10-20-2008, 01:53 PM
Quote:Britain's diabetes population has risen by more than 167,000 since last year, figures show.
The total number of sufferers is now almost 2.5 million with the latest increase more than double the 2006 to 2007 rise of 83,000.
In England, an almost seven per cent increase means the number of people with diabetes has passed two million for the first time, the charity Diabetes UK said.
Over the same period the proportion of people with diabetes rose by 6.8 per cent in Northern Ireland and six per cent in Wales.
Scotland experienced the biggest rise in the UK - 16.7 per cent - partly due to improved recording of cases.
Almost nine in 10 diabetes sufferers have the type 2 form of the disease which is strongly associated with obesity and lifestyle.
There are around five million obese people in the UK, compared with almost 4.8 million last year.
Douglas Smallwood, chief executive of Diabetes UK, said: "These are truly alarming figures.
"Part of why we have seen such a huge increase can be attributed to improved screening from healthcare services and greater awareness amongst those at high risk of type 2 diabetes.
"However, there is no getting away from the fact that this large increase is linked to the obesity crisis."
He added: "Diabetes is one of the biggest health challenges facing the UK today.
"It causes heart disease, stroke, amputations, kidney failure and blindness, and more deaths than breast and prostate cancer combined.
"The NHS already spends one million pounds an hour on diabetes.

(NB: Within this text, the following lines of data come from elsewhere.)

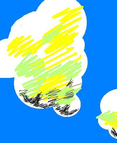 구름 위에는 노랑색, 연두색 섞여있어서 예뻤는데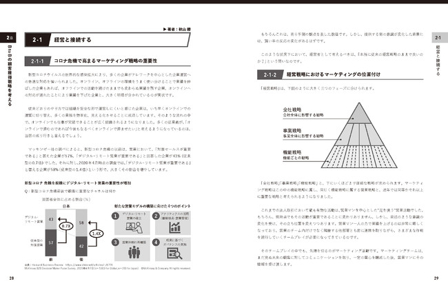 BtoBビジネスの経験が浅く、これから多くのことを学んでいく必要がある方に、現場の基礎知識を丁寧にお伝えするため、経営におけるマーケティングの概念や、施策ごとの細やかなKPIなど、BtoBビジネスの現場で求められる考え方を紹介しています。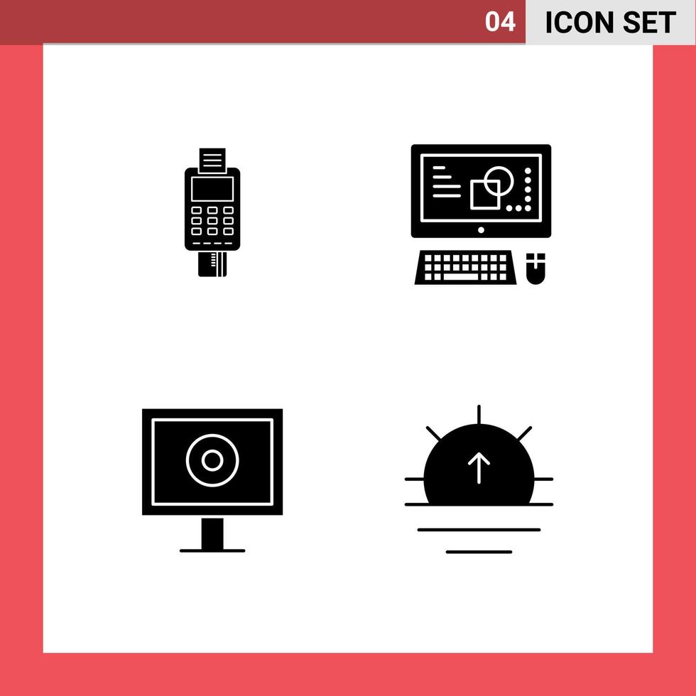 User Interface Pack of 4 Basic Solid Glyphs of machine creative check payment display Editable Vector Design Elements

The soaring diabetes prevalence will continue to put a massive strain on an already struggling NHS and unless it can respond, people's health could spiral downwards.
"We need to do all we can to raise awareness of the seriousness of diabetes and help people understand how a healthy lifestyle can help reduce their risk of developing type 2 diabetes."
As well as the people diagnosed with the disease, there are thought to be more than 500,000 people in the UK who have type 2 diabetes but do not know it.
The condition can go undetected for up to 10 years.
Half of people with the disease already have symptoms and complications by the time they are diagnosed, according to Diabetes UK.
The charity recently launched its Silent Assassin awareness campaign to promote awareness of diabetes and its effects.